Merci pour le grand honneur de pouvoir dire deux mots sur le pourquoi c’est essentiel de libérer le
vite possible Laurent et Simone Gbagbo, Charles Blé Goudé et tous les prisonniers politiques. L’impasse électorale ainsi que ce qui s’est passé par la suite, « la logique de l’absurde » comme l’a appelé le sénégalais Pierre Sané, n’est pas digne d’une civilisation avancée.
C’est Gbagbo même qui dit dans le film Un homme une vision que nous sommes encore dans l’antiquité en ce qui concerne nos institutions, car c’est encore la force brute qui cherche de imposer sa vision du monde, quand la base d’un état moderne ou une institution globale, c’est la soumission de l’armée au pouvoir civil. Dans un monde de l’ultralibéralisme sans repères, la pensée de Laurent Gbagbo et tout ce que le FPI représente a beaucoup à enseigner aux générations futures. Un jeune comme Charles Blé Goudé qui a prôné la non violence ne devrait jamais subir la prison. Le militantisme non-violent a toujours fait peur à ceux qui veulent gouverner le monde. En son temps, Winston Churchill craignant la non-violence de Gandhi combiné avec son pragmatisme, le vit comme un adversaire dangereux : en 1935 il a dit: « Le Gandhisme et tout ce qu’il représente doivent enfin être combattu et écrasé. »
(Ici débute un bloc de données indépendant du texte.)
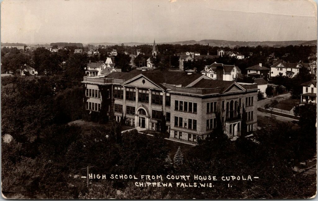 This vintage real photo postcard features a view of the High School from the Court House Cupola in Chippewa Falls, Wisconsin. This is not a common card. The postcard has an AZO stamp box which reveals that the card was published sometime between 1918 and 1930. SOLD

Jean Ziegler m’a dit que si Willy Brandt était encore en vie, Gbagbo n’aurait jamais été déporté à la Haye. Avec le cas Gbagbo, on constate que : les vrais parties politiques socialistes sont morts en Europe ; la communauté international n’existe pas ; les rebelles en Afrique sont souvent (le FPR au Rwanda, les rebelles aux Congo contre Mobutu et Kabila père, les Forces Nouvelles en Cote d Ivoire) un “réajustement de la politique coloniale” comme as dit le Ministre Ivoirien Nyamen Messou ; on comprend aussi qu’une vraie justice, dans un monde où le pouvoir n’est pas démocratique, ne peut pas exister.
En 2008, lorsque je travaille un film documentaire à propos des dessinateurs de presse africains sur la ligne de front dans la défense de la liberté d’expression, Résistants du 9ème Art, j’ai eu aussi quelques images du magazine satirique ivoirien Gbich ! Le rédacteur en chef adjoint Mendozza Y Caramba, m’a raconté une anecdote: un jour, il a reçu un appel téléphonique qui a annoncé l’arrivée du Président Gbagbo. Mendozza, dont la bande dessinée était très critique de Gbagbo, Les Habits neufs du Président, se mit à rire, en pensant d’abord que c’est une blague. Laurent Gbagbo est arrivé 10 minutes après dans son bureau ; il a fait l’éloge de leur travail, les a complimenté, en dépit de leur satire mordante contre lui. J’avais déjà entendu une anecdote similaire d’un autre célèbre président africain, Nelson Mandela, que j’ai décidé d’utiliser dans le film. Mandela avait appelé Jonathan Zapiro, qui a été un dessinateur à l’avant-garde de la lutte anti-apartheid et lui avait dit « grand travail, vous faites votre travail», même si Zapiro, maintenant que le parti de Nelson Mandela, le Congrès national africain (ANC) est au pouvoir, est férocement attaqué pour ses dessins animés. Mais je n’ai pas oublié que Gbagbo a eu le même esprit que Mandela.
Cet esprit du droit à la différence syndicale, de presse, des parties politique est si essentiel dans un monde qui devient de plus en plus homogène. Je continue mon documentaire avec des témoignages dédiés à cette lutte jusqu’à la libération de la Côte d’Ivoire. Ce sont le courage, la détermination et les vraies valeurs que j’ai apprises en lisant plus d’une centaine de témoignages écrits par les Ivoiriens qui font face aux pires adversités dans une lutte qui ne s’est pas arrêtée. I also have a dream, que les fils et filles dignes de l’Afrique puissent réaliser leurs rêves sans devenir des martyrs.